**COLLECTED MATERIAL:**
((
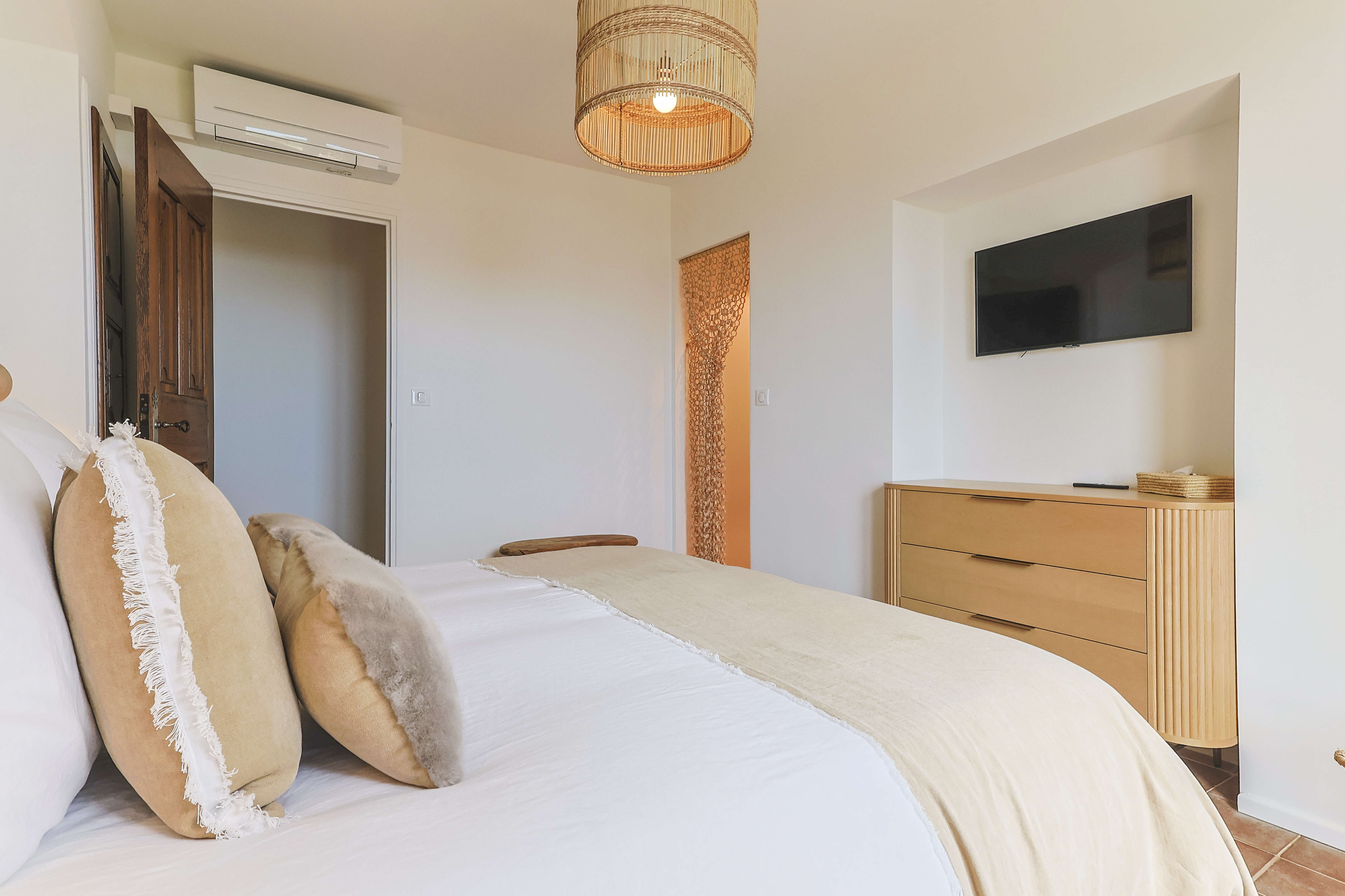 Deze vakantievilla, geschikt voor 6 personen, werd met veel zorg en aandacht ingericht. Het interieur straalt een warme, huiselijke sfeer uit, gecombineerd met luxueuze materialen en een bijzonder smaakvolle inrichting. Alle slaapkamers genieten van verfrissende airco voor een aangename nachtrust in de zwoele zomeravonden en twee slaapkamers hebben terrassen met uitzicht op zee.
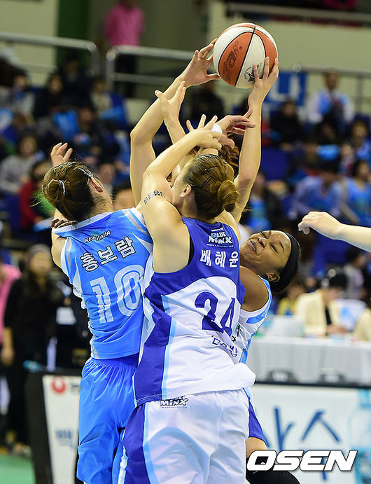 2쿼터 하나외환 홍보람, 심스가 배혜윤과 리바운드를 다투고 있다.
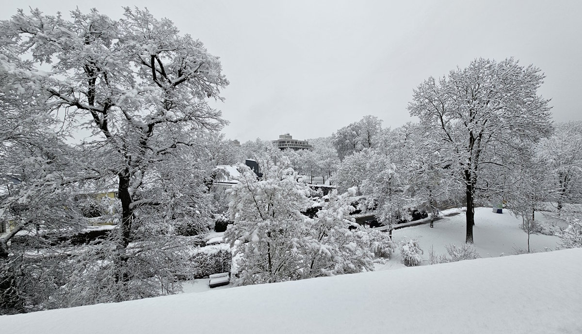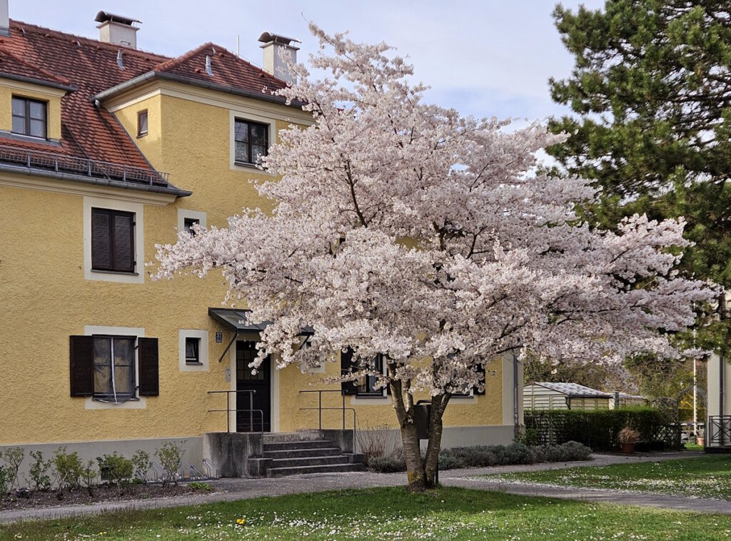 Vor dem Caritas-Altenheim St. Nikolaus in der Osterwaldstraße 25 (und im Innenhof) blühen Kirschbäume.
))
**YOUR OBJECTIVE:** Could the data above be repeated exactly, with every picture dropped?

**FINISHED EXERCISE:**
 Deze vakantievilla, geschikt voor 6 personen, werd met veel zorg en aandacht ingericht. Het interieur straalt een warme, huiselijke sfeer uit, gecombineerd met luxueuze materialen en een bijzonder smaakvolle inrichting. Alle slaapkamers genieten van verfrissende airco voor een aangename nachtrust in de zwoele zomeravonden en twee slaapkamers hebben terrassen met uitzicht op zee.
 2쿼터 하나외환 홍보람, 심스가 배혜윤과 리바운드를 다투고 있다.
 Vor dem Caritas-Altenheim St. Nikolaus in der Osterwaldstraße 25 (und im Innenhof) blühen Kirschbäume.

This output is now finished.